Ülkemiz sadece depremlerin afete dönüştüğü bir ülke değildir, özellikle son yıllarda artan çarpık kentleşme, nüfus artışı, sanayileşmeyle artan kontrolsüz doğa tahribatı afetlerin artmasındaki en önemli unsurlardandır. Doğal afetlerin sebeplerinin bilinmesi, bu alanda alınacak tedbirlerin daha sağlıklı alınmasını, can ve mal kaybının önlenmesini, yatırımların da daha isabetli yapılmasını sağlayacaktır. Afet yönetimi, her türlü tehlikeye karşı hazırlıklı olma, zarar azaltma, müdahale etme ve iyileştirme amacıyla mevcut kaynakları organize eden analiz, planlama, karar alma ve değerlendirme süreçlerinin tümüdür ama biz hâlâ, yaşanan her felaketten sonra, AK PARTİ'si iktidarı sayesinde, 99 Marmara depremi sonrası yürürlüğe konulan ve halk arasında "deprem vergisi" olarak bilinen özel iletişim vergisiyle toplanan paraların ne olduğunu tartışıyoruz çünkü bu paralara ne olduğunu hiçbirimiz bilmiyoruz. Ne yapıyorsunuz bilmiyoruz, soruyoruz, cevap vermiyorsunuz. AK PARTİ'si milletvekilleri, Allah için, bir kez de tüm partiler bir araya gelip, konunun uzmanlarını çağırıp akıllardaki tüm soruyu cevaplayın, bir çözüm yolu bulalım. Çünkü sizin kendi başınıza bulduğunuz çözüm yollarının ülkemizi getirdiği durum ortada; her felakette yüzlerce, binlerce can kaybı. Felaket gerçek, can kayıpları gerçek ama her ne hikmetse bir sorumlu da çıkıp "Bu kayıpların çokluğuna ben neden oldum, yeterli önlemleri zamanında alamadım." deyip istifa etmiyor, edemiyor.

Maden göçer, yeterli önlem yok, sorumlu yok.
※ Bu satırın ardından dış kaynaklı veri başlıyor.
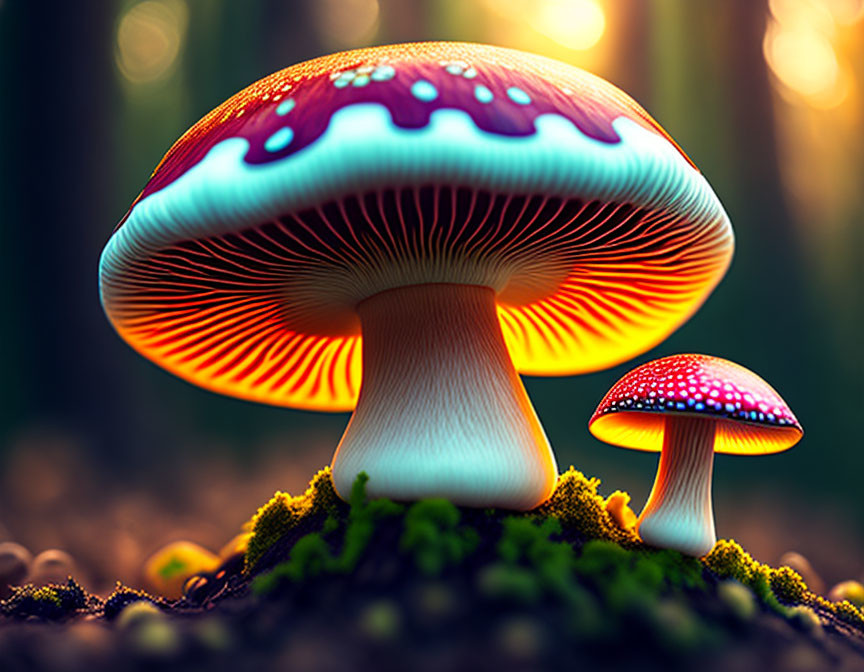 Colorful Mushroom Caps in Enchanted Forest Setting

Orman yanar, yangını söndürme uçağı yok, sorumlu yok. Denizi doldurup imara açanların suçu yok, sorumlu yok. Dere yatağına bina yapılır, sel olur, izin veren yerel yönetimlerin, belediyelerin suçu yok, sorumluluğu yok. Deprem olur, müteahhit suçu yerel yönetimlere, yerel yönetimler suçu müteahhide atar; sorumlu yok. Kolon kesenlerin suçu yok, sorumlu yok. Önlem almayanların, denetlemeyenlerin, zamanında müdahale etmeyenlerin hiçbir suçu yok; tek suçlu doğa, tek suçlu canını, malını kaybedenler; ne yazık ki öyle.